### What to work on
Your output should be everything below from the line containing "Figure 3. USV Prototypes" down to the line containing "Young people at", both ends included, copied exactly, with pictures left out.

### Entries supplied
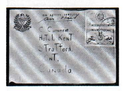
Fig 27—This is a New Zealand cover of the Y.M.C.A. from the New Zealand Forces in Japan.
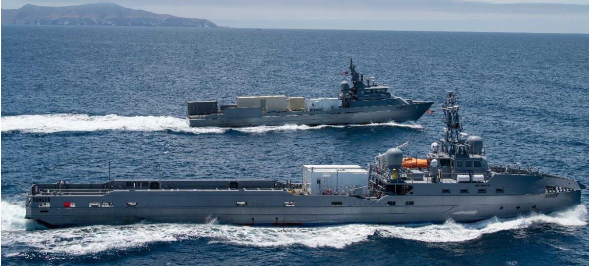
Figure 3. USV Prototypes
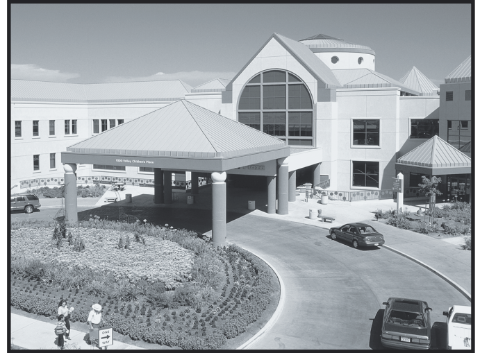
This is the Main entrance.

Go to the Main entrance from the parking lot.
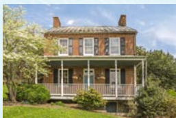
MARYLAND, $376,225 Myersville, MD 2,720 square feet 4 beds, 3 baths
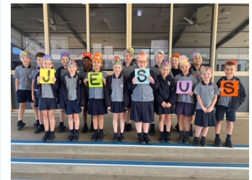
Students take part in Battle of the Hymns at St Joseph's Catholic Primary School, Wandal.
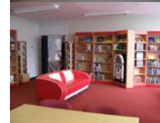
Before and After!
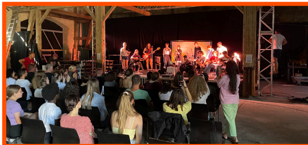
Young people at the COMMPASS young person's meet-up (2022)

The Landesjugendring Mecklenburg-Vorpommern signed a cooperation agreement with the Deutsch-Französischer Jugendwerk (Franco-German Youth Office, or DFJW for short) in May 2022. The aim of this cooperation is to establish long-term Franco-German and trilateral projects for extra-curricular activities in and with the State of Mecklenburg-Vorpommern.
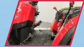
HIGHLY SPACIOUS PLATFORM
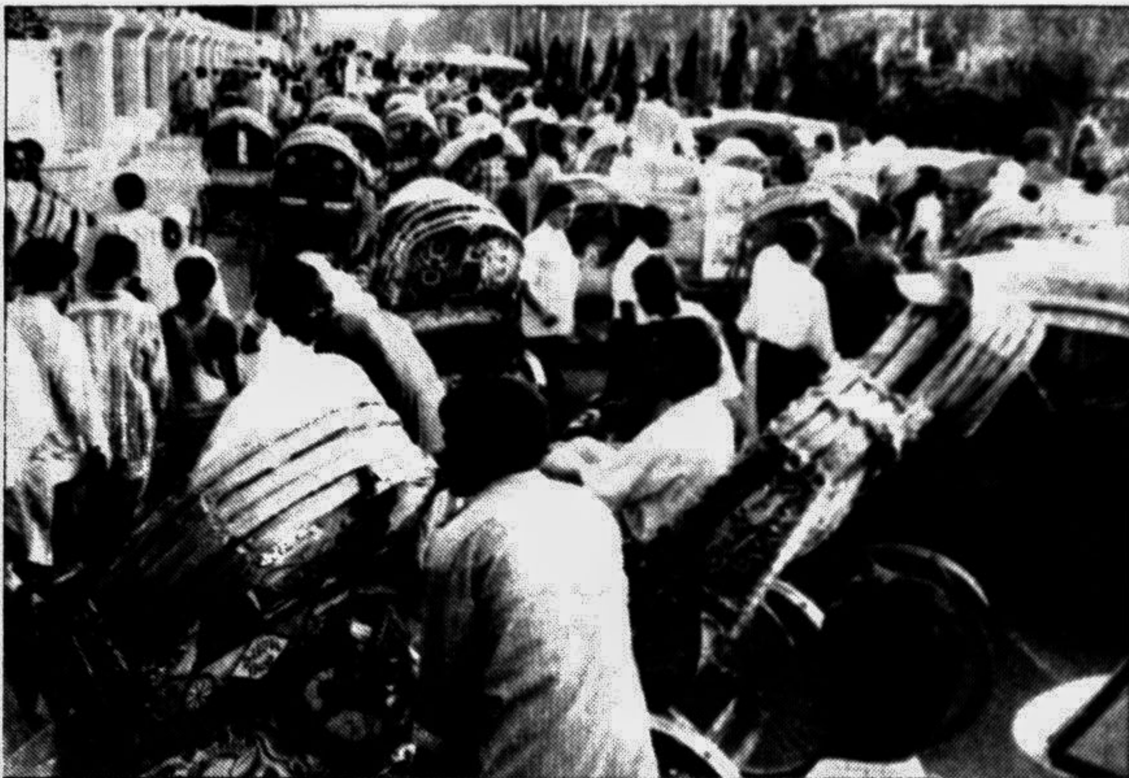
Traffic jam on the street in front of Rajuk Bhaban during the public meeting of Awami League at the nearby Outer Stadium in the city yesterday.

PLEASE CONTACT: BANGLADESH AIR EXPRESS INT'L LTD. Head Office: 9565114. Fax: 9565112, Gulshan: 877771, Chittagong: (031) 712127, Khulna: (041) 7250108

### Final answer
Figure 3. USV Prototypes
This is the Main entrance.

Go to the Main entrance from the parking lot.
MARYLAND, $376,225 Myersville, MD 2,720 square feet 4 beds, 3 baths
Students take part in Battle of the Hymns at St Joseph's Catholic Primary School, Wandal.
Before and After!
Young people at the COMMPASS young person's meet-up (2022)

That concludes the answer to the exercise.